= Symphony No. 6 (Simpson) =

The Symphony No. 6 by Robert Simpson was completed in 1977 and dedicated to the renowned gynaecologist Ian Craft. It was commissioned by the London Philharmonic Orchestra who gave the premiere under Sir Charles Groves in a performance broadcast 8 April 1980.

Ian Craft, the symphony dedicatee, suggested that the emergence of life from a fertilized cell could be paralleled in symphonic form, with motives developing by thematic metamorphosis. This idea appealed to Simpson who took it even further by dividing the one-movement work into two parts: the first a steady build up to a large climax which symbolises birth, the second representing the rapid growth of the newborn individual.
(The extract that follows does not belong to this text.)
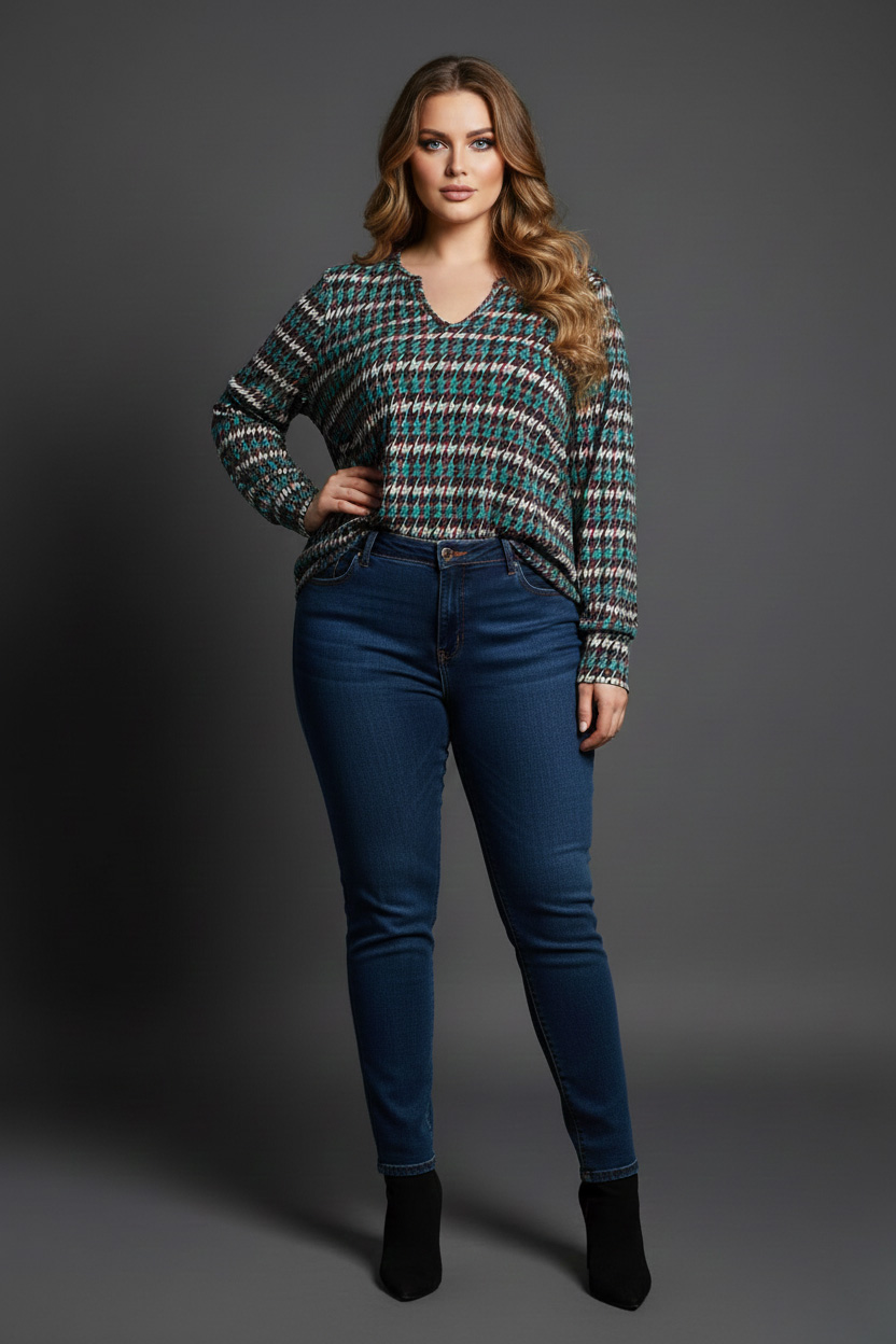ΚΩΔΙΚΟΣ: alex0132prsnΓυναικεία Μπλούζα V Με Μοτίβο Καρό, σε Ψιλό Πλεκτό Curve-Plus Size

At the beginning, two germinal elements are exposed; static and mobile. These include triadic shapes in the violins, and a chord which has potential to open out into a chain of fifths which Simpson likened to a DNA molecule. The material is always growing and proliferating into polyphonic lines, canons, inversions and retrogrades which representing cells dividing, multiplying and grouping. Eventually a central climax is reached after graphical ‘contractions’ from the orchestra; this represents the moment of birth and brings about a sense of release.

The second half of the work symbolises the rapid development of the newborn and suggests the sequence of an intermezzo, scherzo and finale. After a long oboe melody, there is a quiet fugue before a triumphant and energetic conclusion. The work ends triadically (an unusual occurrence in Simpson’s music) on a resounding D major chord.

==Discography==

Currently, the only commercially available CD is a Hyperion Records release which also includes Symphony No. 7, both performed by the Royal Liverpool Philharmonic Orchestra conducted by Vernon Handley.